**** Dataset records
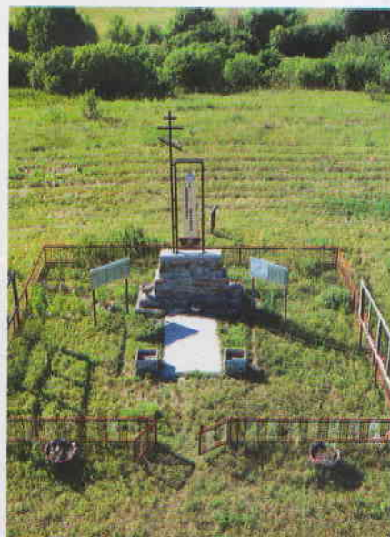
Памятный знак на месте исчезнувшей деревни Зимнёнские Выселки
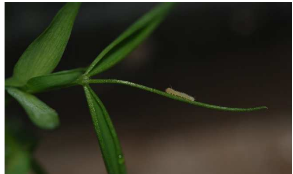
Abbildung 11: Frisch geschlüpfte Raupe des Leguminosen-Weißlings am 28.7.2008 auf Vogelwicke in Bingen-Dromersheim (Zuchtfoto ex ovo)

Die frisch geschlüpfte Raupe ist zunächst hell-transparent mit feinen langen Haaren bedeckt.
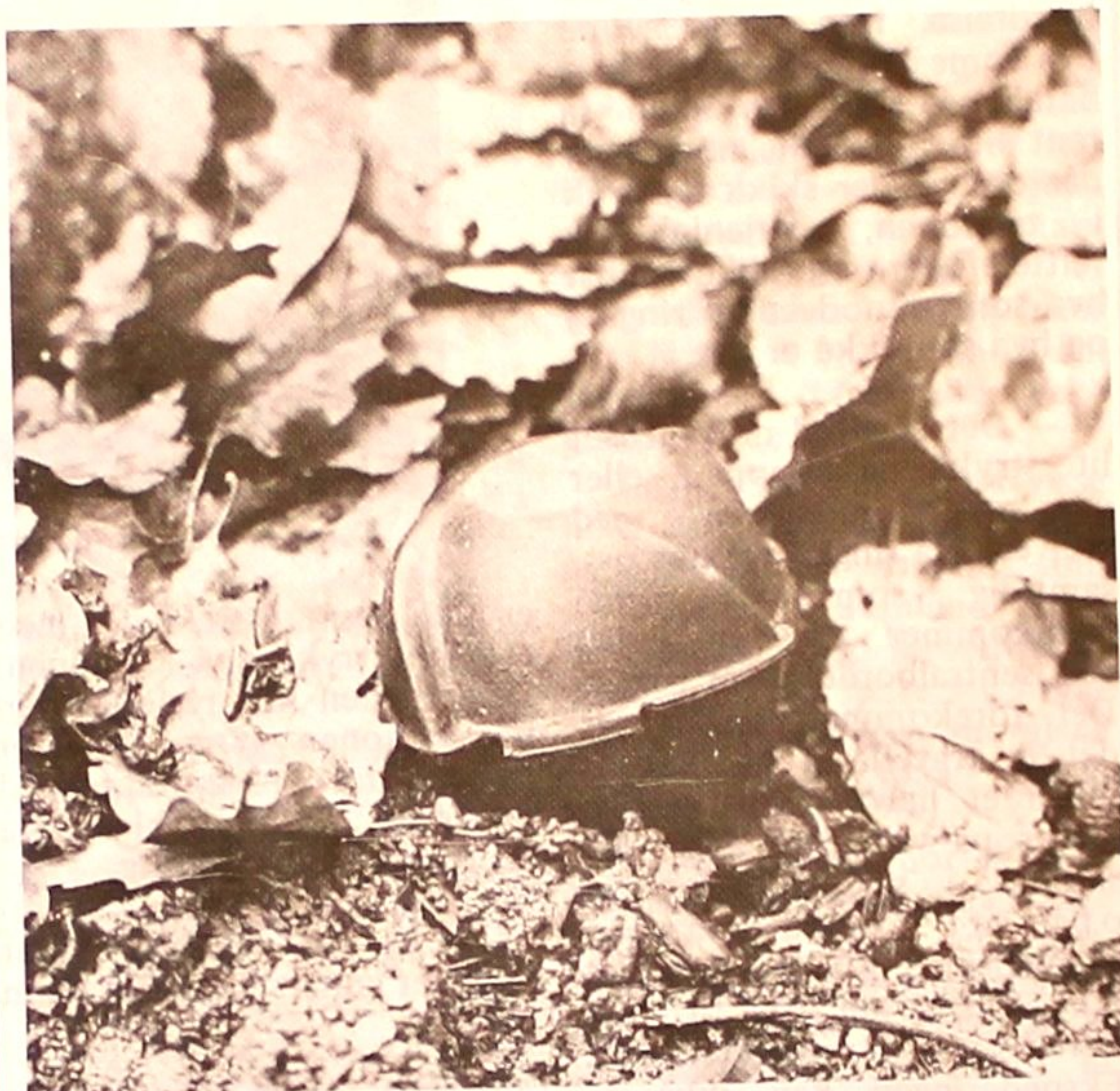
Rapporter straks om du finner denne bomben, men rör den ikke!

– Se opp for cluster-bomben, advarer pi-troppens sjef, löjtnant Sortdal, og ber innstandig om at slike bomber ikke under noen omstandighet rörs om de finnes. Vi har klart å få fatt i bilde av bomben, og bringer det herved til orientering. Farven er lys grå-grönn, og størrelsen er som en tennisball. Karakteristisk er de små "vingene" som setter bomben i rotasjon når den slippes fra fly. Denne rotasjonen armerer bomben og får den til å eksplodere i luften. Men dersom beholderen disse bombene ligger i når de slippes fra fly, ikke åpner seg höyt nok over bakken, vil bombene falle til marken uten å bli sprengt. Likevel er ofte sammenstötet med bakken da sterkt nok til å foreta den manglende armering. Bomben har omkring 200 splinter, og ved den minste beröring går den av.
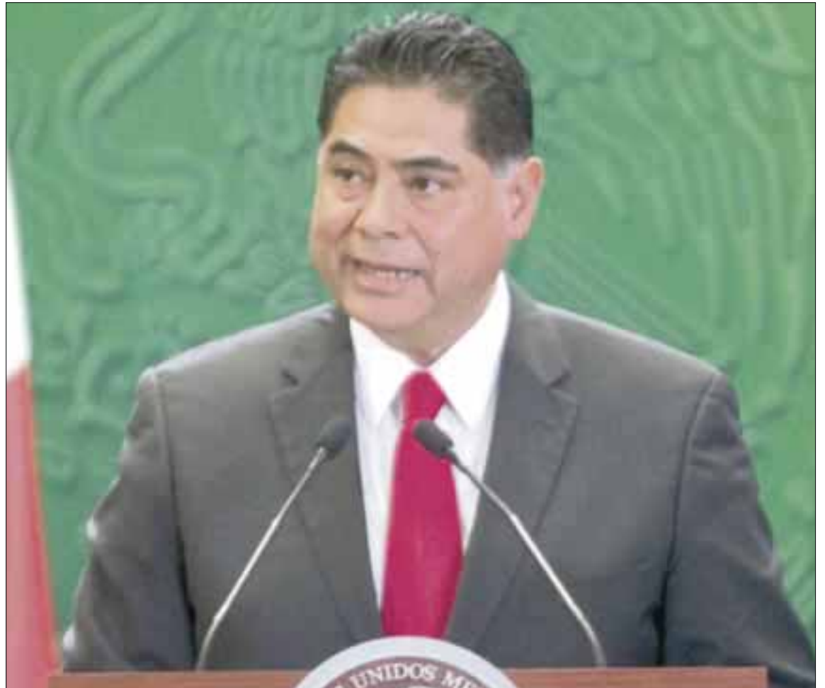
El gobernador Jorge Herrera Caldera se sumó al llamado del Ejecutivo federal para lograr que este 2015 sea un año de unidad.

Además, con la reforma de telecomunicaciones por primera vez las llamadas nacionales de larga distancia se cobrarán como si fueran locales, lo que significará importantes ahorros y mayor acercamiento entre las familias y sus seres queridos
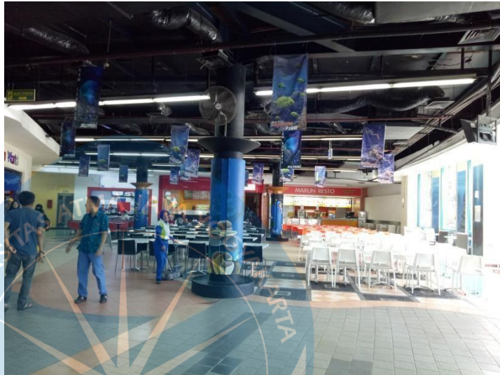
Gambar 2.18 Restoran Seaworld Ancol
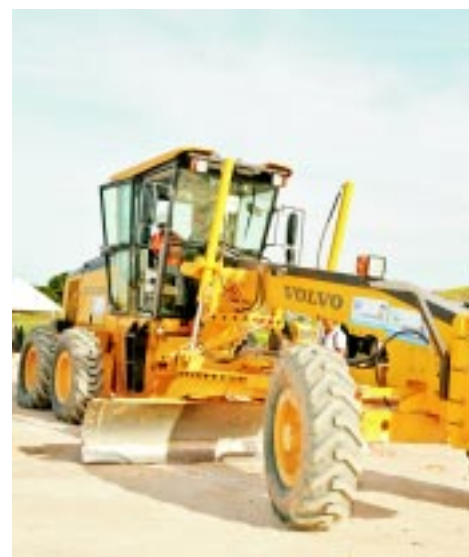
PARCERIA - Equipamentos são cedidos

Após a capacitação dos 1.050 profissionais, o projeto deverá ser levado para o interior do Estado, garantindo que a qualificação de mão-de-obra não fique restrita aos empreendimentos do litoral pernambucano.
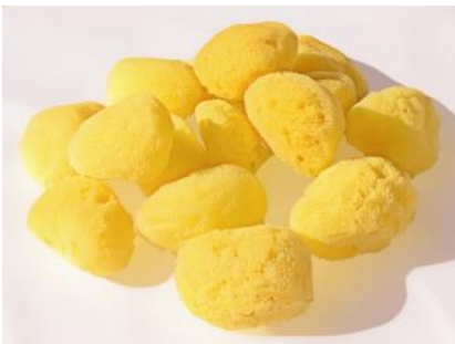
Chiffon doux non abrasif ou éponge
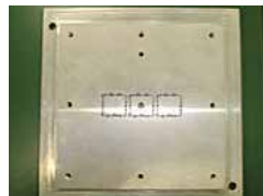
ワイヤーカット抜型
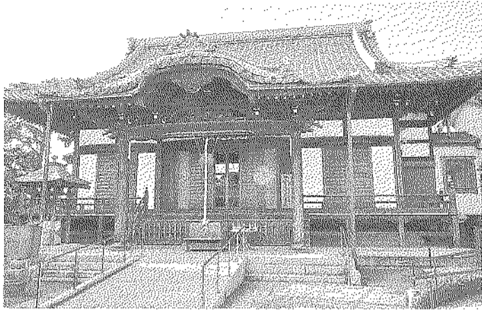
震災も戦災も切り抜けてきた多聞寺
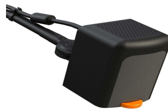
מצלמת קרוב רחוק
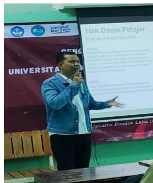
Gambar 3. Penyampaian Materi oleh Pemateri 2

Dengan ini, peserta dapat menumbuhkan kesadaran akan hak konstitusional generasi muda terutama pelajar agar selalu menghormati hak konstitusional orang lain dan dirinya sendiri. Kegiatan dilanjutkan dengan tanya jawab antara peserta dan pemateri mengenai materi yang telah disampaikan.
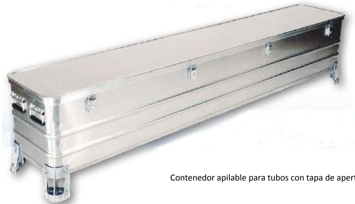
Contenedor apilable para tubos con tapa de apertura total
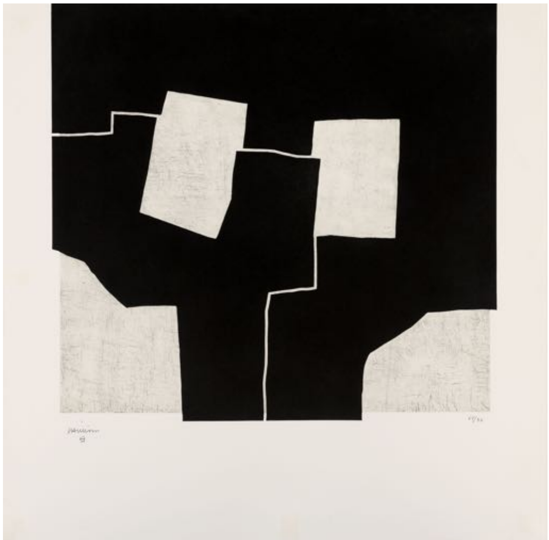
Eduardo Chillida, Urrutiko
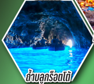
ถ้ำบลูริอตโต้
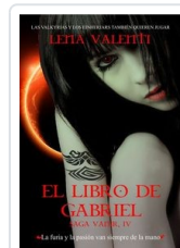
SAGA VANIR, 4 LIBRO GABRIEL VALENTI, LENA
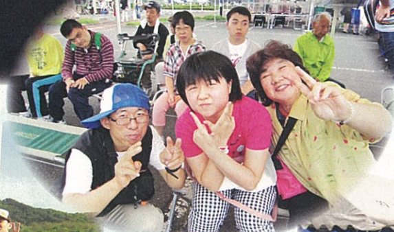
矢巾町ふれあい広場
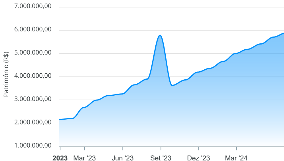
Evolução do Patrimônio
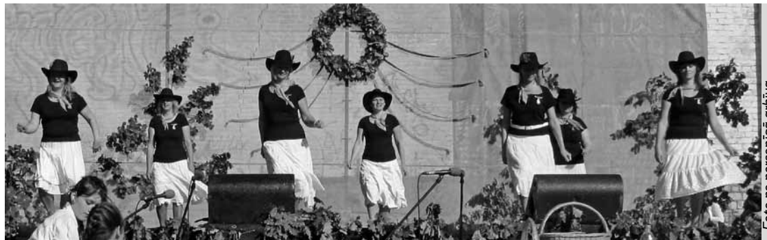
Līnijdeju grupas „Drime dance” lustīgā līgo deja.
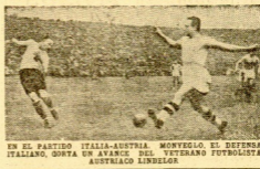
EN EL PARTIDO ITALIA-AUSTRIA. MONVELO EL DEFENSA ITALIANO, OHTA UN AVANCE DEL VETERANO FUTBOLISTA AUSTRIACO LINZELER

Y UN EGUARAS TERCER PARTIDO A REMONTE Solaverri y Zumeta contra Izaguirre (P) y Bengochea
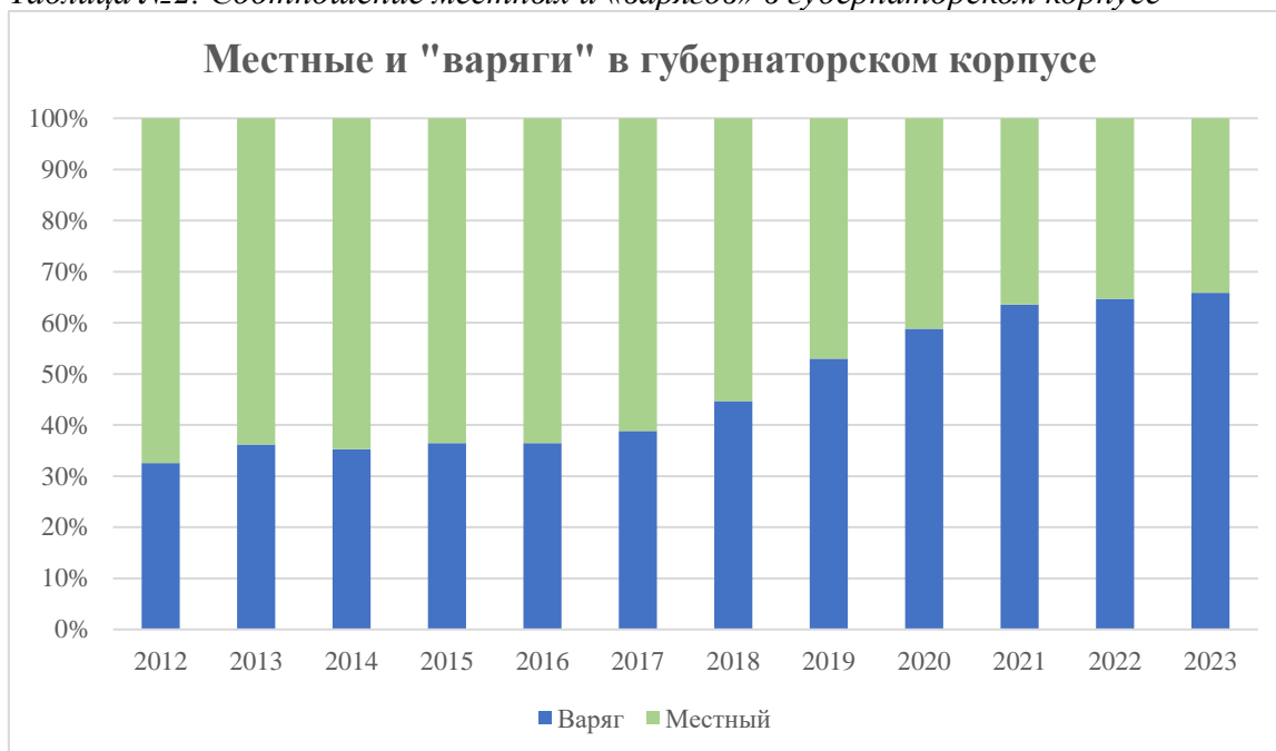
Таблица №2. Соотношение местных и «варягов» в губернаторском корпусе

Формирование нового состава Правительства РФ и Администрации президента после марта 2024 года повышает вероятность того, что некоторые губернаторы могут войти в обновленный состав федеральных органов власти. Тем более, что ряд губернаторов-«технократов» уже переизбран на второй срок и заинтересован в повышении до федерального уровня. Назначение на должности федеральных министров губернаторов Владимира Якушева (Тюменская область) и Дмитрия Кобылкина (ЯНАО) 2 в 2018 году, а затем Максима Решетникова в Минэкономразвития подтверждают возможность подобного сценария. Уже сейчас можно отметить потенциальные кандидатуры в губернаторском корпусе, которые могли бы перейти на федеральный уровень, учитывая опыт работы в руководящих структурах центральной власти и наличие прочных позиций в системе Политбюро 2.0:
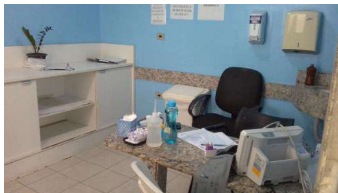
19.5. Sala de classificação de risco, única para covid e não covid
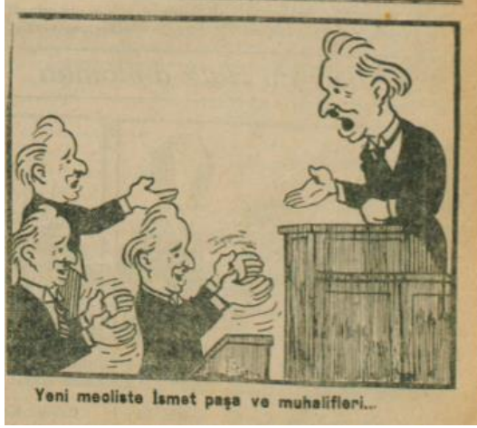
Yarın , 27 Nisan 1931, s. 1.

Ülkedeki ekonomik istikrarsızlığın en önemli sebebini Tek Fırka sisteminde gören Yarın 'a göre Büyük Buhran bahane olarak öne sürülmektedir. Gazeteye göre bunun en bariz örneği ise Türkiye ile mevcut gelişmesi aynı seviyede olan Bulgaristan ve Yunanistan'ın kaydettiği ilerlemedir:
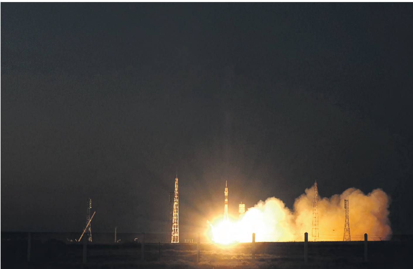
У фотографов было всего несколько секунд, чтобы успеть снять старт в космос
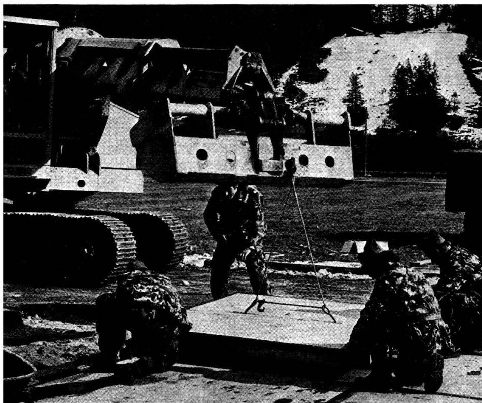
Une cp G av en pleine réparation d'une piste.

Après un bombardement, la remise en état des pistes est une des missions très importantes du rgt aérod.
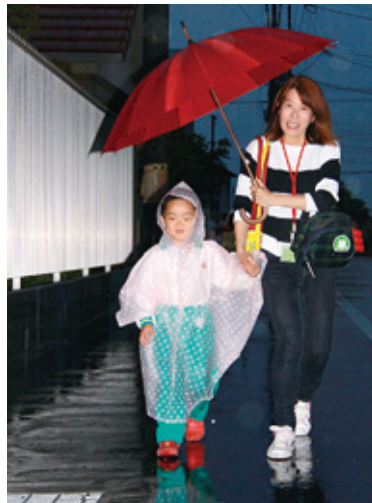
▲突然の雨です!! 「かさ もってきてるかな」
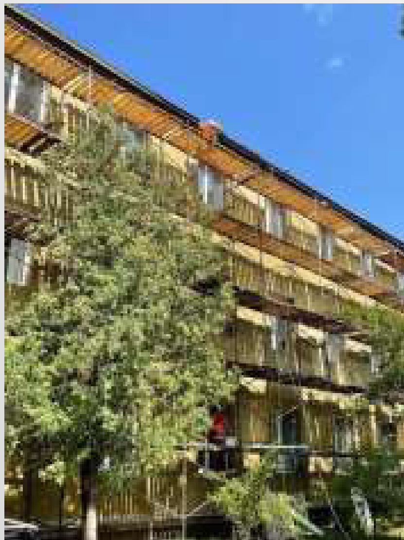
Київська дитяча школа мистецтв № 6 ім. Г. Л. Жуковського
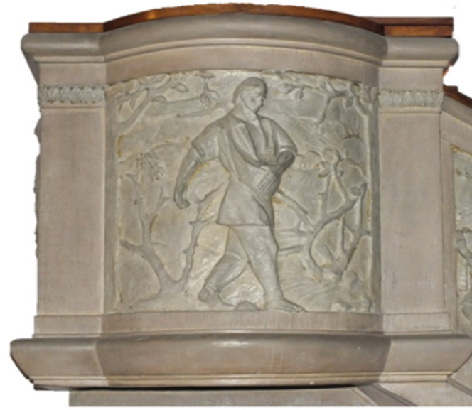
Ausschnitt der Kanzelverzierung im Hauptschiff.

backsteinerner Kirche ersetzt, die von Lubliner Bürgern und den Stadtherren gestiftet worden ist. Die Stifter wollten das Patronatsrecht über die Kirche für sich beanspruchen und wehrten sich dagegen, dass die ausschließliche Fürsorge über die Kirche den Chorherrenvikaren zufallen sollte. Sie argumentierten damit, dass sie das Land auf dem die alte Kirche stand von den Nonnen des Erlöserordens gekauft, und dazu noch einen wesentlichen Beitrag zur Errichtung der neuen Kirche geleistet hätten.
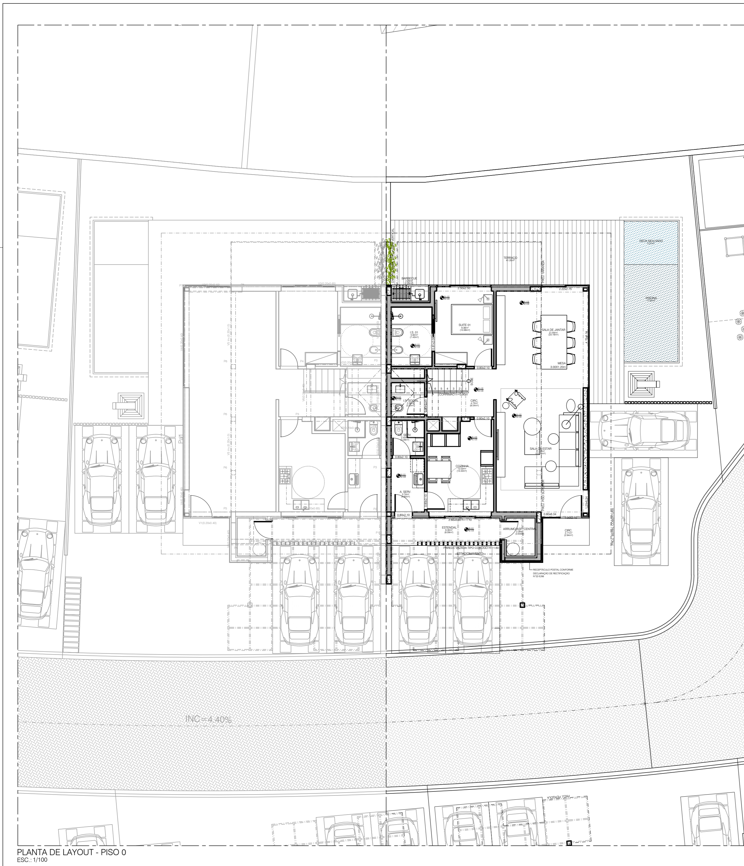
PLANTA DE LAYOUT - PISO 0 ESC.: 1/100
********
Problem description: From the records above, quote word for word only the lines beginning at the line that has "Eduardo Chillida, Urrutiko" and stopping after the line that has "Une cp G av en pleine réparation d'une piste.". Omit the pictures.

Solution to this problem:
Eduardo Chillida, Urrutiko
ถ้ำบลูริอตโต้
SAGA VANIR, 4 LIBRO GABRIEL VALENTI, LENA
矢巾町ふれあい広場
Evolução do Patrimônio
Līnijdeju grupas „Drime dance” lustīgā līgo deja.
EN EL PARTIDO ITALIA-AUSTRIA. MONVELO EL DEFENSA ITALIANO, OHTA UN AVANCE DEL VETERANO FUTBOLISTA AUSTRIACO LINZELER

Y UN EGUARAS TERCER PARTIDO A REMONTE Solaverri y Zumeta contra Izaguirre (P) y Bengochea
Таблица №2. Соотношение местных и «варягов» в губернаторском корпусе

Формирование нового состава Правительства РФ и Администрации президента после марта 2024 года повышает вероятность того, что некоторые губернаторы могут войти в обновленный состав федеральных органов власти. Тем более, что ряд губернаторов-«технократов» уже переизбран на второй срок и заинтересован в повышении до федерального уровня. Назначение на должности федеральных министров губернаторов Владимира Якушева (Тюменская область) и Дмитрия Кобылкина (ЯНАО) 2 в 2018 году, а затем Максима Решетникова в Минэкономразвития подтверждают возможность подобного сценария. Уже сейчас можно отметить потенциальные кандидатуры в губернаторском корпусе, которые могли бы перейти на федеральный уровень, учитывая опыт работы в руководящих структурах центральной власти и наличие прочных позиций в системе Политбюро 2.0:
19.5. Sala de classificação de risco, única para covid e não covid
Yarın , 27 Nisan 1931, s. 1.

Ülkedeki ekonomik istikrarsızlığın en önemli sebebini Tek Fırka sisteminde gören Yarın 'a göre Büyük Buhran bahane olarak öne sürülmektedir. Gazeteye göre bunun en bariz örneği ise Türkiye ile mevcut gelişmesi aynı seviyede olan Bulgaristan ve Yunanistan'ın kaydettiği ilerlemedir:
У фотографов было всего несколько секунд, чтобы успеть снять старт в космос
Une cp G av en pleine réparation d'une piste.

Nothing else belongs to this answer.